Dataset records
◇ ◇ ◇ ◇ ◇ ◇ ◇
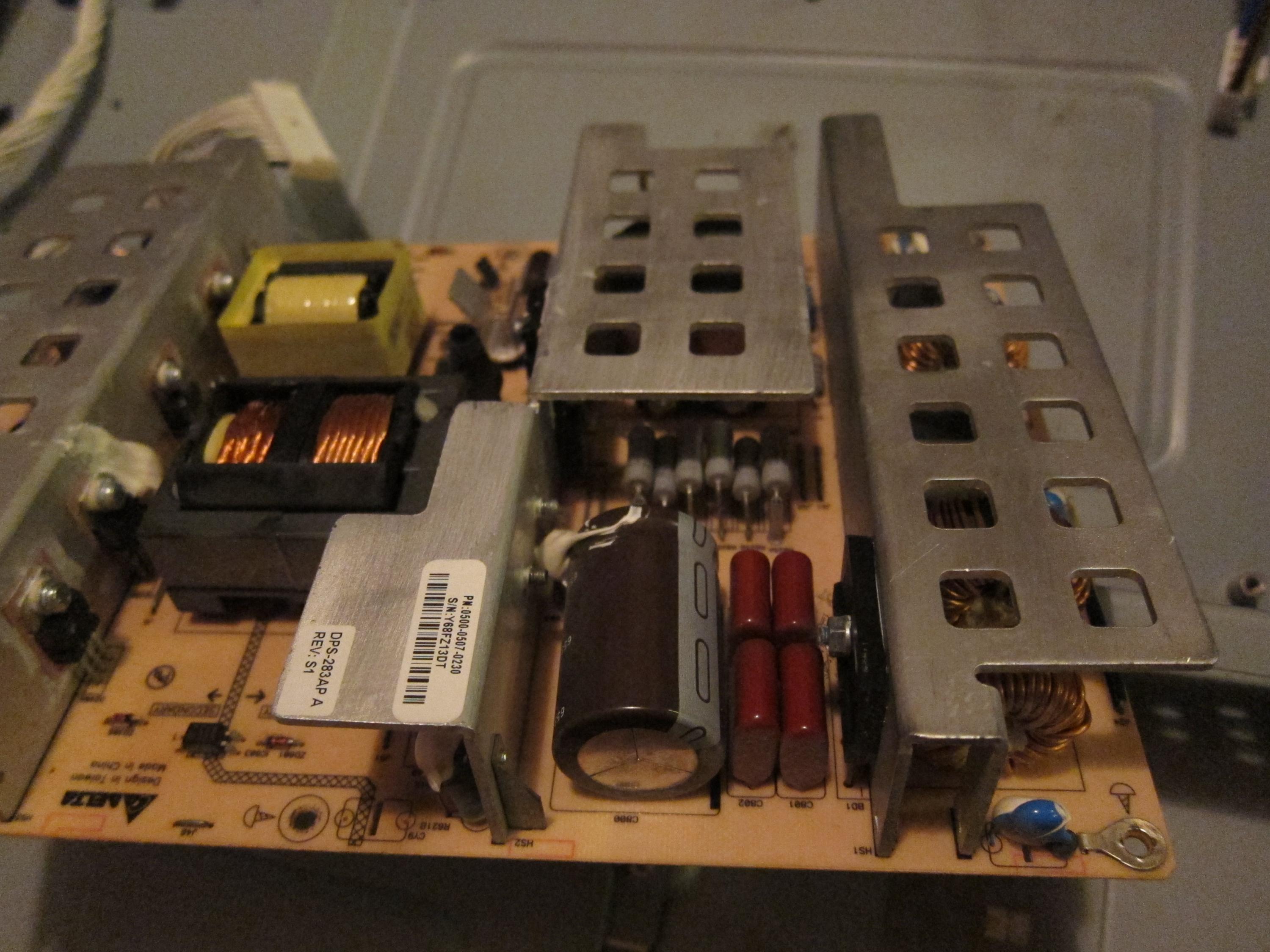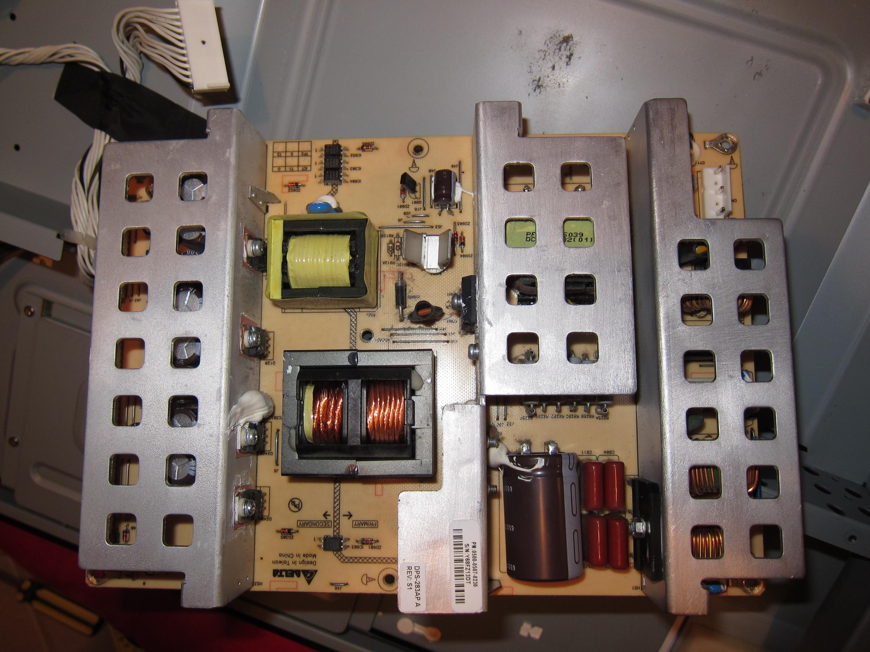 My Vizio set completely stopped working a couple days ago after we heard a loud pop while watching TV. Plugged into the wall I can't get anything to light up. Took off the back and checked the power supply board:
◇ ◇ ◇ ◇ ◇ ◇ ◇
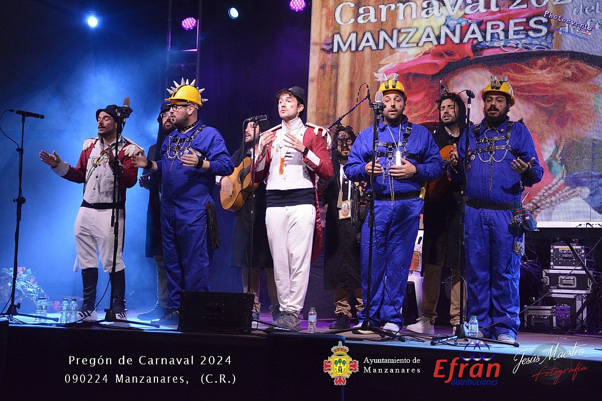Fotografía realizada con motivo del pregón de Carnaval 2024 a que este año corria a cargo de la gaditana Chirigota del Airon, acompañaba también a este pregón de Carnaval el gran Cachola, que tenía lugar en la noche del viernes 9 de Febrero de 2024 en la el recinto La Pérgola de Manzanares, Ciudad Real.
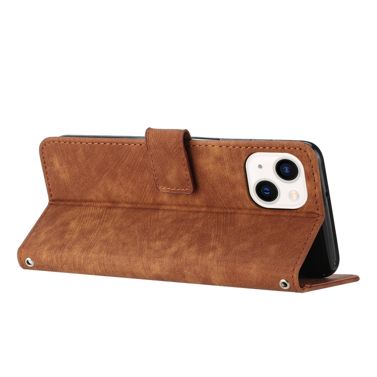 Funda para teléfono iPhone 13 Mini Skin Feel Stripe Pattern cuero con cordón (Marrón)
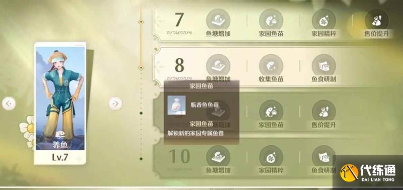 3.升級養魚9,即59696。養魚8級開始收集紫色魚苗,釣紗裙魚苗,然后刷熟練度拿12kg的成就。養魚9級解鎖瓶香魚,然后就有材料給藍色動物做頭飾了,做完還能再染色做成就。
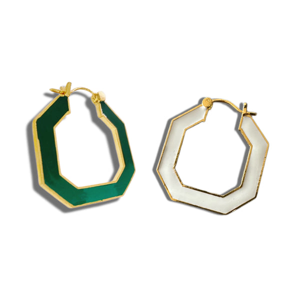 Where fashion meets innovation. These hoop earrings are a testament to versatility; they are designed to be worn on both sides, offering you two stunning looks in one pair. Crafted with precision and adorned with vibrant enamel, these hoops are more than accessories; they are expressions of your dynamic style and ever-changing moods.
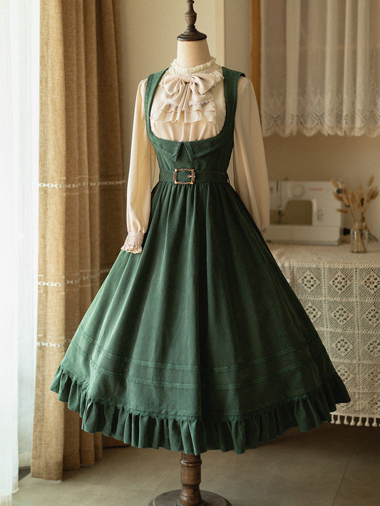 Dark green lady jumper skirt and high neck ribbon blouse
◇ ◇ ◇ ◇ ◇ ◇ ◇
Problem details
Although the records above contain pictures, the copy must not; set down exactly the lines from the one with "Where fashion meets" up to and including the one with "Dark green lady".

Exercise solution
 Where fashion meets innovation. These hoop earrings are a testament to versatility; they are designed to be worn on both sides, offering you two stunning looks in one pair. Crafted with precision and adorned with vibrant enamel, these hoops are more than accessories; they are expressions of your dynamic style and ever-changing moods.
 Dark green lady jumper skirt and high neck ribbon blouse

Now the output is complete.